▶ _TASK BRIEF_
The answer must be every line of the records below that contains the word "Ponte", copied out.

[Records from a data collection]
......

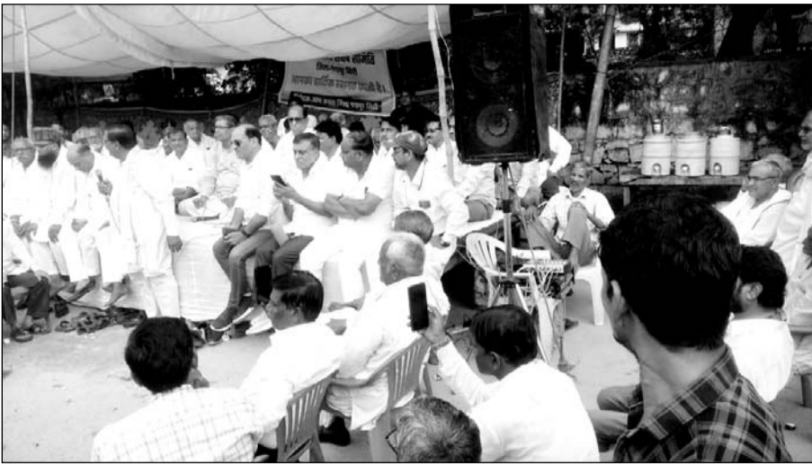
धरना प्रदर्शन में शामिल शहर के सभी संगठनों के पदाधिकारी।

गंगापुर सिटी । अब नई सरकार में नए जिलों के रिव्यू करने की घोषणा और इसके बाद कमेटी बनाने के बाद अब कई नए जिलों पर संकट आने की बात सामने आ रही है। ऐसे में गंगापुर सिटी को जिला बनाए रखने के लिए जिला बचाओ संघर्ष समिति के बैनर तले कलेक्ट्रेट के सामने धरना प्रदर्शन शुरू किया गया है। उल्लेखनीय है कि पिछले साल अप्रैल 2, 2023 में पूर्व मुख्यमंत्री अशोक गहलोत ने 19 जिलों की घोषणा की थी और इनमें एक गंगापुर सिटी को भी मापदंड पूरा करता है, यहां की भौगोलिक स्थिति भी सही है, लेकिन जिला नहीं बनने से यहां की जनता की
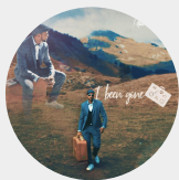
12.03.2020 I been gone
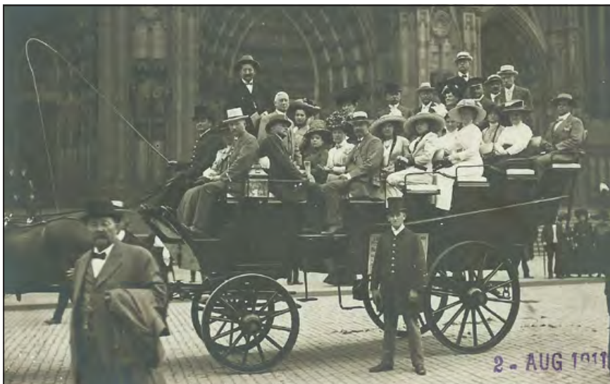
Városnéző lovaskocsi Kölnben (fotó-képeslap, 1911)

magyar csoport bécsi kirándulásra indulásának fotója. A bécsi utazási iroda átküldte autóbuszát Sopronba, hogy az ott nyaralókat (az előzőleg szervezett) egynapos bécsi városnéző túrára vigye.
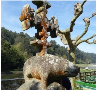
Crucero en Ponte do Porco

Aparece muy pronto el lugar de Ponte do Porco , en la desembocadura del río
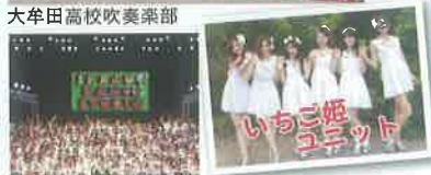
スプラウトダンススタジオ
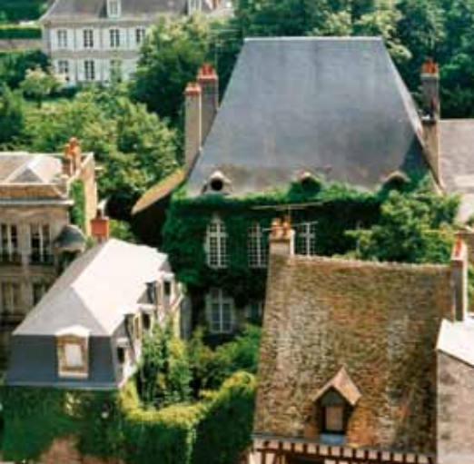
Balzac heeft zich geïnspireerd op één van de herenhuizen in de rue Guesnault voor de geschiedenis over la Grande Bretèche.

Sinds de jaren 1980 - 1990 breidt de stad zich meer en meer uit naar het zuiden, waar voorheen de wijngaarden een natuurlijke grens vormden. Er worden in het zuiden plannen gemaakt voor urbanisering, in de wijk Aigremonts (oorspronkelijke betekenis "steile heuvels"). Deze urbanisering zorgt voor een evenwichtige verdeling van bevolking en activiteiten in een stad die inmiddels 18 500 bewoners telt, en die het centrum vormt van een regio met meer dan 30 000 inwoners.
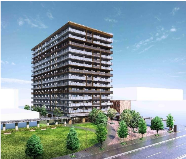
『札幌北 4 東 6 周辺地区再開発プロジェクト』 完成予想図
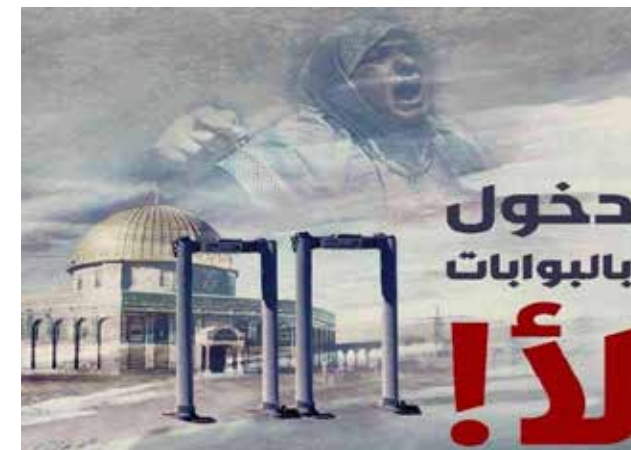
Posters promoviendo el "Día de Furia".
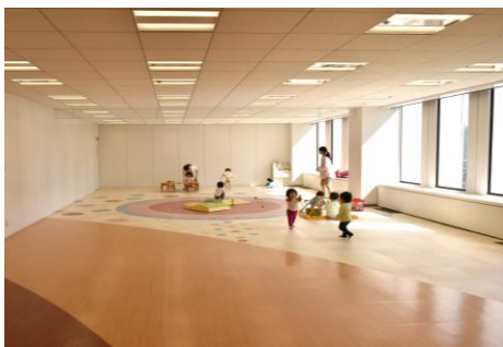
増床した「WithKids」スペース

2016年12月の「WithKids」開設以降、育児休業取得後1年未満での早期復帰や4月以外の月での復帰、時間指定勤務からフルタイム勤務への移行など、本人の望む働き方を選択できる環境が実現しています。従業員満足度の高まりや利用希望者の増加を受け、社員へのアンケート調査や社内の年齢別平均出産率などをもとに今後の需要予測を行い、このたび施設を拡大する運びとなりました。
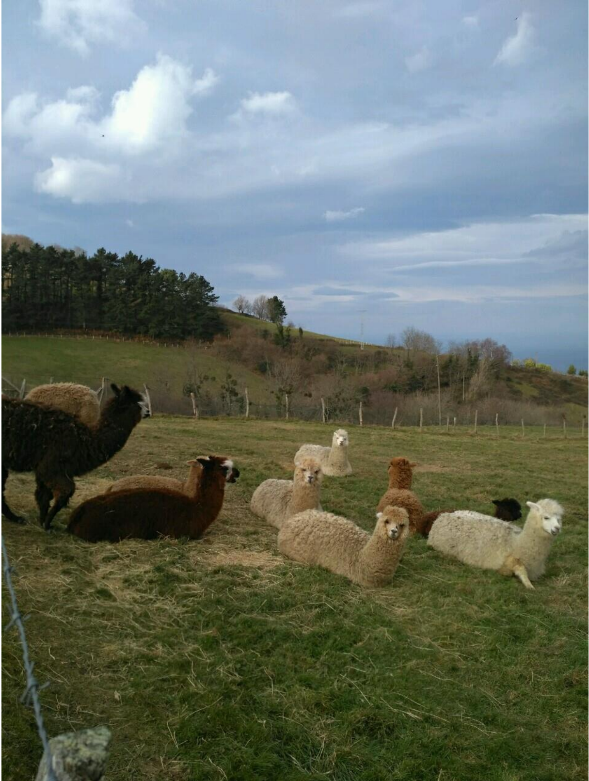
Igeldoko animalia exotikoak, "llamaren antzekoak)
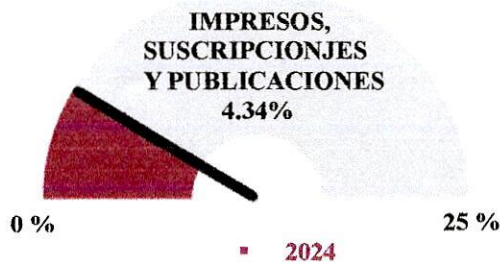
Gráfico No. 3

......

▶ _COMPLETED EXERCISE_
Crucero en Ponte do Porco
Aparece muy pronto el lugar de Ponte do Porco , en la desembocadura del río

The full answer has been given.